Im jüngsten Kapitel, rund 15 Minuten vor Spielbeginn zwischen dem EV Zug und Turku PS (Pallo-Seura), durchdringt eine englische Frage, die in Gedanken vertiefte Spielvorbereitung an meinem Kommentatoren-Platz: «Where can i find a line-up», fragt ein freundlicher, älterer Herr. Sofort ist klar, dieser Mann hat mit dem heutigen Gast aus Finnland zu tun. Glücklicherweise hat mir Aufnahmeleiter Marin Keller, auch ein «Champions-League-Affiner», eine Viertelstunde vorher ein zweites Line-up vorbei gebracht, ich hatte mir bereits eines im Presseraum besorgt. So habe ich eines für den älteren freundlichen Herrn, welcher mir dafür sehr dankbar ist. Natürlich frage ich ihn um seine Herkunft, wobei er mir erklärt, dass er nicht wegen Turku hier sei, sondern als neutraler Scout aus der National-Hockey-League.
Die Legende
«Jää für welches Team er denn scoute» entgegne ich ihm, für die New York Rangers, sagt er. Je mehr wir uns austauschen umso interessanter wird’s. Als er mir seinen Namen verrät, erhebe ich mich aus meinem Kommentatoren-Stuhl und begrüsse den Herrn mit Handdruck. Herr Ari Vuori steht neben mir, Ari Vuori! Sofort läuft in meinem Hockey-Hirn das Finalspiel um den Europa-Cup 1993, zwischen Dynamo Moskau und Turku, mit Ari Vuori. Alle Bilder rauschen vor dem inneren Auge vorbei. Ein paar Sequenzen und dazugehörige Namen gebe ich dem Scout der Rangers wieder. Erstaunt beginnen auch seine Augen zu funkeln, «Yes thats a long time ago, it seems you are for a long time in that Business.»
Vuoris Business ist seit 26 Jahren das Scouting, für die Los Angeles Kings, die Detroit Red Wings und zuletzt die Toronto Maple Leafs, diesen Sommer wechselt der ehemalige Sport-Manager von TPS von den Maple Leafs in die Organisation der Rangers. Als Aktiver holt Vuori vier finnische Meistertiel mit dem heutigen Gegner der Zuger, dazu kommt der Europa-Cup-Titel 1993.
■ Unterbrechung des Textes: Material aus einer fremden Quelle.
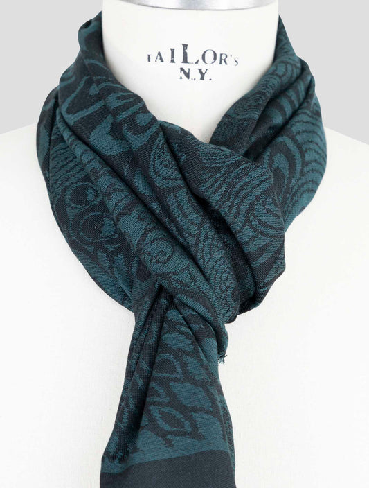 Kiton Handmade Wool Silk Cashmere Floral Scarf Blue Green 65x200cm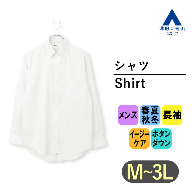 【洋服の青山】EASY CARE 簡単アイロン 長袖 カジュアルシャツ メンズ オールシーズン ホワイト 白 ボタンダウン ウォッシャブル 洗える 春夏 秋冬 トップス 普段着 ワイシャツ Yシャツ カッターシャツ 男性 かっこいい おしゃれ リーガル REGAL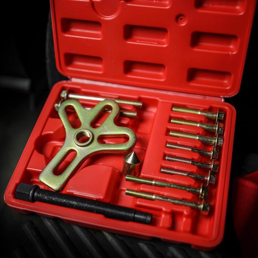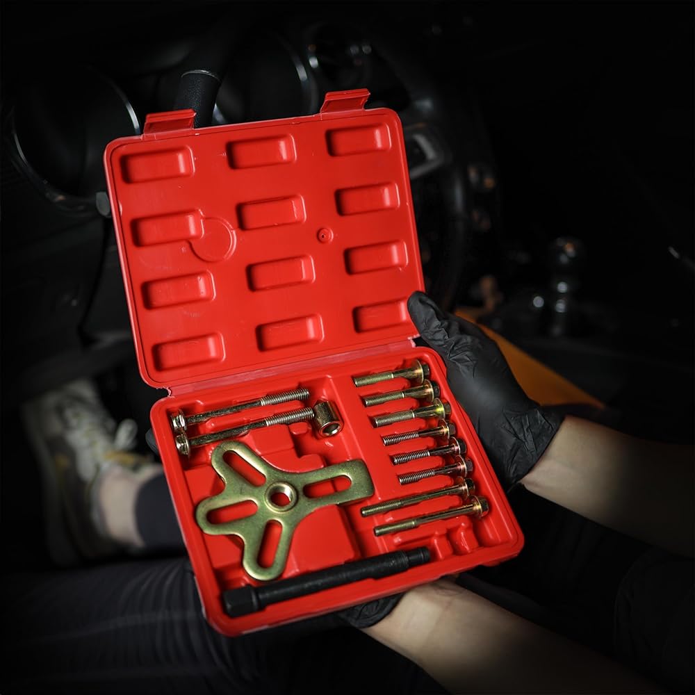 [حافظة مصبوبة بالنفخ]: أداة سحب عجلة القيادة المتوازنة المتناغمة تأتي مجموعة أدوات سحب عجلة القيادة في علبة بلاستيكية متينة مصبوبة بالنفخ لضمان تحديد وتنظيم فعال لأجزاء سحب الموازن المتناغم

Talent- und Meisterschmiede
Diese glorreichen Zeiten sind beim elffachen finnischen Meister seit 2010 vorbei, damals noch unter Sportchef Vuori. Zuletzt steht TPS zweimal in Folge im Endspiel um die Kanada-Malja, der Trophäe um die finnische Meisterschaft. Der jährliche Aderlass an Talenten macht sich beim Vergleich mit Schweizermeister Zug bemerkbar. Zwölf Spieler müssen aktuell ersetzt werden, darunter gehen mit Markus Nurmi, Juuso Pärssinen (beide Nashville Predators) und Number-One-Draft Juraj Slafkovsky (Montreal Canadiens) drei in die NHL. Auch die Rangers und Scout Vuori dürfen sich auf ihre Prospects Nico Gross (Zug) und Kalle Väisänen (Turku) freuen und Turkus nächster «Slafkovsky» steht mit dem 16-jährigen Verteidiger Aron Kiviharju schon bereit.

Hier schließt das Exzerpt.